Mass spectrometry data analysis
Mass spectrometry. RAW data files for SNP rs17651213 were imported and processed with Progenesis QI for Proteomics software (Nonlinear Dynamics). The H1 probe sample data were selected as the alignment reference for all the replicates in the alignments of ion density maps. Automatic alignment was first performed followed by manual reviewing of the alignments. Peptide ions with a charge between 2 and 4 were included. Peptide abundance normalisation was performed automatically by the software. A between-subject design was set for analysed runs. Protein identification was performed using MS/MS ions search on the Computation Biology Research Group (Oxford University) Mascot Server (Matrix Science). Peptide ions were searched against the UPR_HomoSapiens database with fixed modifications set for carbamidomethyl at cysteine residues and variable modifications set for oxidation at methionine residues. Completed protein identifications were imported back into Progenesis QI for matching to their corresponding detected peptide ions. Proteins were quantified by Progenesis QI using a relative quantitation method using non-conflicting peptides.
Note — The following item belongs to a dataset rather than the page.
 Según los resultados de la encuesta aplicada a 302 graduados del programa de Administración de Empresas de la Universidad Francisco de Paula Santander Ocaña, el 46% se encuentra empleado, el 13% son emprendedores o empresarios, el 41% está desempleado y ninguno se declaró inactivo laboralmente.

Mass spectrometry. RAW data files for SNP rs1800547 were imported and processed with MaxQuant [
35]. A minimum of two unique peptides were required to protein quantification, peptide abundances were normalised using the iBAQ algorithm. Peptide ions were searched against the UniProtHomo Sapiens database with fixed modifications set for carbamidomethyl at cysteine residues and protein identifications were obtained.
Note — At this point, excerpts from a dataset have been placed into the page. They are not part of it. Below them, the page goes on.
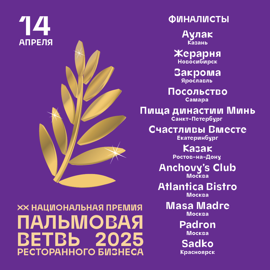 | Финал премии состоится 14 апреля в столичном Moscow Marriott Imperial Plaza в присутствии 500 представителей элиты ресторанного рынка России. И за статус «золотой» ресторанной концепции в этом году сразятся оригинальные и креативные проекты, открытые в 2024-м, из 9-ти регионов страны – Москвы, Санкт-Петербурга, Екатеринбурга, Новосибирска, Самары, Красноярска, Ярославля, Ростова-на-Дону и Казани. |
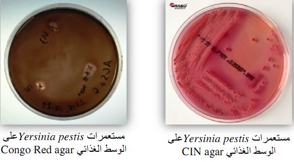 ــ الوسط الغذائي CIN agar (الذي يتكون من المضاد الحيوي cefsulodin و Irganan والمضاد الحيوي novobiocin) والوسط الغذائي congo red agar : وهي أوساط غذائية انتقائية لهذا النوع البكتيري ، وإذا ما كان الغرض من استعمالهم لاختبار (Farction 1) capsulae antigen فلابد من تحضين العينة في درجة حرارة 37 درجة مئوية لتهيئة الظروف لتكوين مستضد الحافظة.
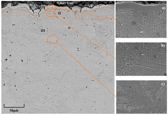 Cross-section of austenitic stainless steel 12Kh18N10T after EPN, obtained using SEM at ×300 magnification. I—nitride zone; II—transition zone; III—initial structure. (a–c) SEM images of the corresponding layers at ×2000 magnification.

To identify splicing factors interacting with the RNA probes, proteins were matched to a list of 71 experimentally validated splicing factors obtained from the SpliceAid-F database (
http://srv00.recas.ba.infn.it/SpliceAidF/) [
36]. Candidate splice factors were manually curated by (Additional file
1: Table S4) excluding factors in the three experimental replicates where the H1/H2 protein abundance ratios were not consistently above or below 1 across replicates. At least two replicates were used in the final results. Splice factors with ratios of abundance between 1.2 and 0.8 were further excluded as candidates.
Western blot
RNA pull-down fractions were denatured in Lamelli buffer (6X: 12% SDS, 30% β-mercaptoethanol, 60% glycerol, 0.012% bromophenol blue, 375 mM Tris pH 6.8) at 95 °C for 10 min. Following denaturation, proteins were separated by polyacrylamide gel at 200 V for ~45 min. Proteins were transferred using the Trans-Blot Turbo Transfer System (BioRad) onto polyvinylidene fluoride membrane contained in the Trans-Blot Turbo PVDF Transfer Packs (BioRad) according to the manufacturer’s protocol. Specific proteins were detected using anti-hnRNP F (IQ208 Immuquest) and anti-hnRNP Q (ab189405 Abcam) antibodies according to the manufacturer’s protocol.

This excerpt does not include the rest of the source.